I am in a very dark place. I tried to kill myself last week. 

I have suffered with PTSD, depression and anxiety for a while and I was drinking to cope. I was never violent or anything like that. I know my wife didn't like me drinking but she knew why I was drinking. 

My wife and I weren't having sex often and she said it was her depression, then it was her medication. I was supportive through all this because I know that all happens. 


I got sober in September on 2017 and started therapy and going to meetings. My wife and I were reconnecting and going on date nights and trips that were all fun and reenergizing our marriage and we loved each other and we were enjoying our time together. 

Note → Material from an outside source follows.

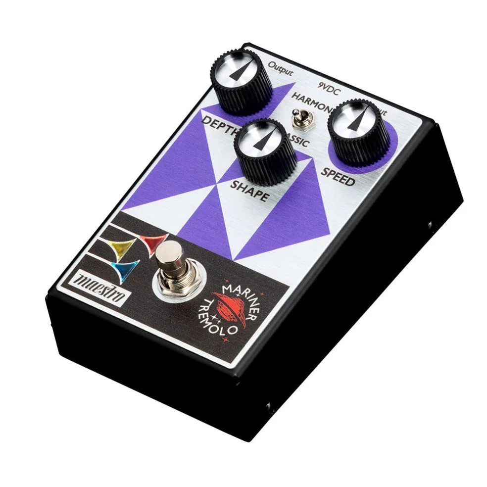 The Maestro Mariner Tremolo offers two amp-like tremolo options for “two pedals in one” functionality and increased sonic versatility. In Classic mode, you can swing from subtle, smooth amplitude modulation all the way to a sharper-edged, biting modulation, with many creative areas to explore in-between. In Harmonic mode, you can dial up timeless textural Harmonic Tremolo tones that are very reminiscent of the tones produced by a select few vintage amplifier tremolos. With its amp-like tones and ability to vary the tremolo’s wave shape, the Mariner Tremolo delivers a wide range of inspiring possibilities. The intuitive 3-knob control layout lets users quickly set the desired Depth (the intensity of the tremolo effect), control the Shape of the waveform (from a triangle wave to a square wave), and adjust the Speed of the tremolo effect. The true bypass footswitch triggers the LED lights in the bugles in the Maestro logo when it’s on, so you’ll always know when the effect is active.

Then in December (right around xmas time) she told me she was thinking about sleeping with other people. She said she wouldn't because she didn't want to lose me. So she just didn't desire me. 

At that point sobriety was easy because I wanted to save my marriage and it was more important to me thank drinking, but because I was sober all my issues came flooding back all at once. 

I was a combat photographer in the Middle East for a long time and the things I saw have haunted me. I get nightmares, breakdowns, emotionally i was shattered. 

I was abused as a child, friends of mine were murdered and the list goes on. I never dealt with these things until I got sober and when my wife told me she wanted to sleep with other people it added more stress and anxiety. 

My wife had started a new job earlier in the year and I noticed she started to change and hangout with guy friends after work. Then she started hanging out with a tattoo artist that went to her pizza place. My wife and I were driving around one night and she mentioned she went to his house 'last week' and I was surprised. She was taking him pizza to his house after work (she was not a pizza delivery person). 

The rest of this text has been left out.